Problem details.
Below this line is the material. Write out only its lines from the one containing "Luxus Wand Stoffbespannung." through the one containing "задна дискова спирачка;", both kept, exactly.

Provided data.
--*--
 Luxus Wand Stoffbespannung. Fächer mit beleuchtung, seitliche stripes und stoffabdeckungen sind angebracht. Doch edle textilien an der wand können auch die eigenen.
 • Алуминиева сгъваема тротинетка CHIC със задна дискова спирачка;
--*--
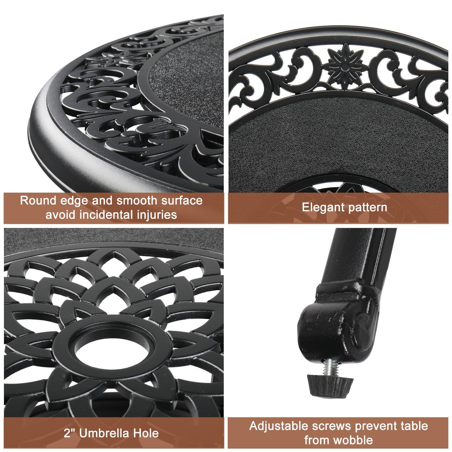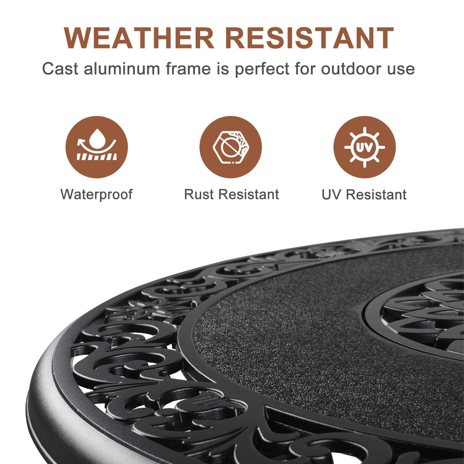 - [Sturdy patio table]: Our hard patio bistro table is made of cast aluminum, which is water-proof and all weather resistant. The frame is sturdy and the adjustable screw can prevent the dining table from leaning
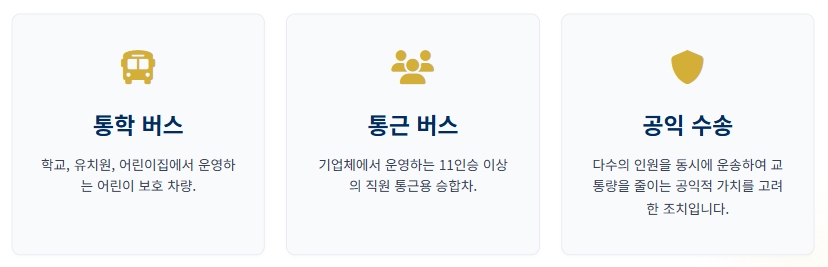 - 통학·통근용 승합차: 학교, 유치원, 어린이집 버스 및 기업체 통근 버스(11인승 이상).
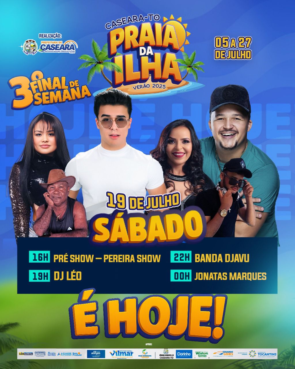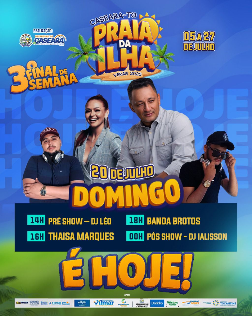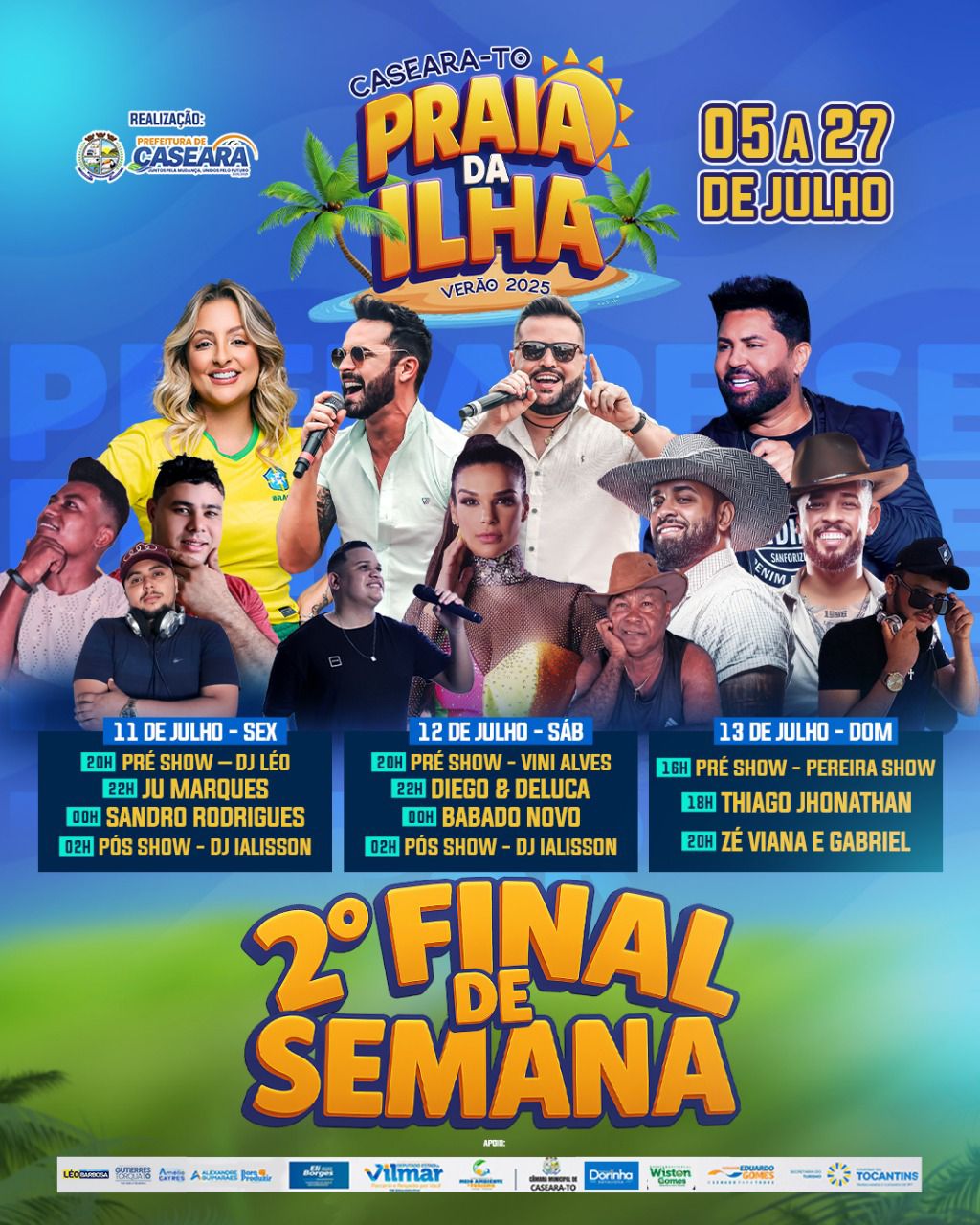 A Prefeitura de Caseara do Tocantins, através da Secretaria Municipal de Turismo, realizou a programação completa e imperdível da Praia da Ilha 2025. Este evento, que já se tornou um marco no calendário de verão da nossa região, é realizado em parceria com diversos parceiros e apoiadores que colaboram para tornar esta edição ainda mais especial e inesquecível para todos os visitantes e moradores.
--*--
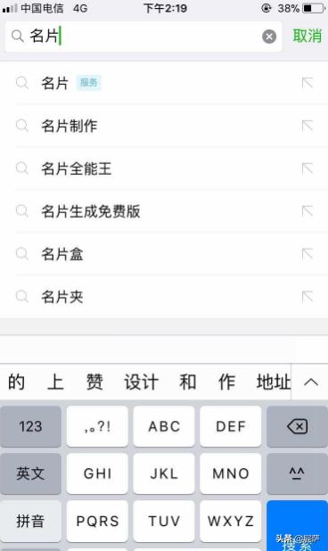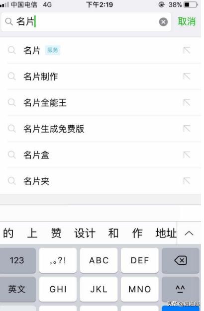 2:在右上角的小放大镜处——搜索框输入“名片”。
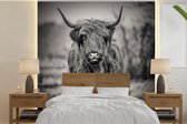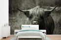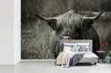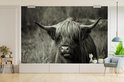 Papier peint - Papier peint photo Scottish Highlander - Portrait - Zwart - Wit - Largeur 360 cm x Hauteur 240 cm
--*--
Answer for the task.
 Luxus Wand Stoffbespannung. Fächer mit beleuchtung, seitliche stripes und stoffabdeckungen sind angebracht. Doch edle textilien an der wand können auch die eigenen.
 • Алуминиева сгъваема тротинетка CHIC със задна дискова спирачка;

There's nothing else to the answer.